Amplify Mobilise

More synergy, more impact: bringing communication activities into the change matrix

by Emma O’Shaughnessy, 12 July 2024
At Amplify Mobilise Change we are deeply preoccupied with understanding and teaching how nonprofit communication creates long-term positive impact. One way we pursue this is in our blended learning programme, where we work with practitioners on how to plan their communication activities so that they are linked to the same impact goals and change matrix that the rest of their organisation is working towards.

Why we address this pattern

We advocate for this strategy because otherwise communication work risks not being measured according to the same strategic principles and targeted approaches embodied in an organisation or project’s theory of change. This can make communication activities siloed and separate from the outcomes of other important initiatives, like programmes, which are always, unlike communication, mapped out and treated as mechanisms of change, incorporated in Monitoring and Evaluation (M&E) frameworks.

As a result, communication activities, teams, and communication practice can often sit outside of deeper interrogation and out of deeper narratives of change that organisations embed themselves in to reflect on progress, raise funds, make change, and demonstrate impact.

Challenging, but worthwhile

While we try to untangle the operational reasons why this is so, we focus on building agency and skillsets of communication specialists in our programme, teaching how to use a Theory of Change approach to map out their communication activities and apply this to the way they create and evaluate their work. Even though it’s often challenging to do this, especially if you have never done it before, it’s amazingly effective in helping communication practitioners visualise where their work fits within an organisation and bring that back to other teams and strategic principles around them.

Becoming more integrated avoids siloes

We find this also helps practitioners feel more integrated and less alone in their work. It can create bridges between them, their teams, programme teams, M&E teams and leaders of an organisation or project by helping them speak the same language of change. Ultimately, we do this work because we believe that communication activities are a pivotal lever for creating change and not just a reporting function.

Many nonprofit communication teams that we work with often have unique communication theories of change or strategic goals and they design their content and communication around these. Mostly these goals are internal-facing – operational goals and goals that speak to improving reach and engagement or the quality of a community’s participation online. We find that these goals are not then linked back to the outcomes that the organisation is tracking and reporting on and advocating for in their work and this leaves a gap between practice and knowledge.

Tracking the behavioural change pipeline is a shared effort

Interestingly, we also find that many communication strategies from organisations have a behavioural change goal or aim to achieve behavioural change with certain kinds of communications, for certain target audiences.
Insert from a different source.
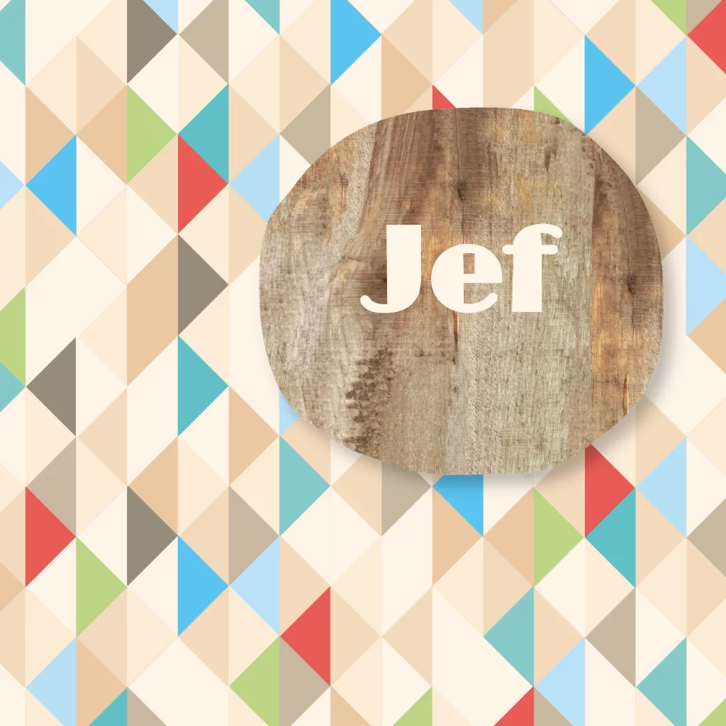 Modern design geboortekaartje voor hippe jongen met houten etiket en geometrisch, grafisch dessin. Uniek geboortekaartje om zelf te maken. Sloophout gecombineerd met grafisch dessin, een modern, hip geboortekaartje van JilleJille.nl

But, without being integrated back into an M&E framework that has a system for tracking and measuring behavioural change through communication, it’s impossible to know how much the team’s work then contributes to behavioural change. So again, without strategic integration across communication, projects and programmes, one lacks a fluent and cohesive picture of what is working and what isn’t.

Also, in terms of a behavioural change pipeline, without integration, we can’t see the movement of change from one ‘site’ to the next. As we know, awareness building (campaigns, regular content tracking issues, and so on) alone does not change behaviours on the ground. Awareness building opens up the possibilities of someone or a group being willing to change. Usually, other interventions need to be in place to remove the practical barriers to change – interventions like programmes, or direct services for example.

Our work with communication practitioners then helps them to see that what they are trying to bring about first may be awareness, and not behavioural change, and that if they were to measure the effects of this awareness on the ground, they would need to then integrate with data from sources on the ground, statistics and evaluations from their programmes, from their own research or national sources. This becomes essential for measuring the impact of a communication campaign or communication that aims to shift perceptions and thus change behaviours.

Becoming friends with data opens us to shared insights

We teach communication practitioners how to become friendly with data too, how to ask questions, and run their own communication-orientated, exploratory research (small scale, not evidence-based) to help them discover the answers to some of the questions they have around the impact their communication is having. We want communication practitioners to feel confident around data so that they can then engage with M&E frameworks and programme teams and ideally, plan research together that helps everyone understand how communication and programmes or projects intersect and build change, together.

Maybe this is too idealistic, but we have seen how this work shifts thinking and builds agency within communication teams. This is our vision for communication in the sector: that it becomes something that everyone can visualise as a key mechanism for change; that teams across the board can use the same language of change; that communication is seen as a central part of monitoring frameworks, and that the M&E frameworks we use broaden their scope to include the powerful intentional work happening across our sector’s communication channels – online, in print and in conversations.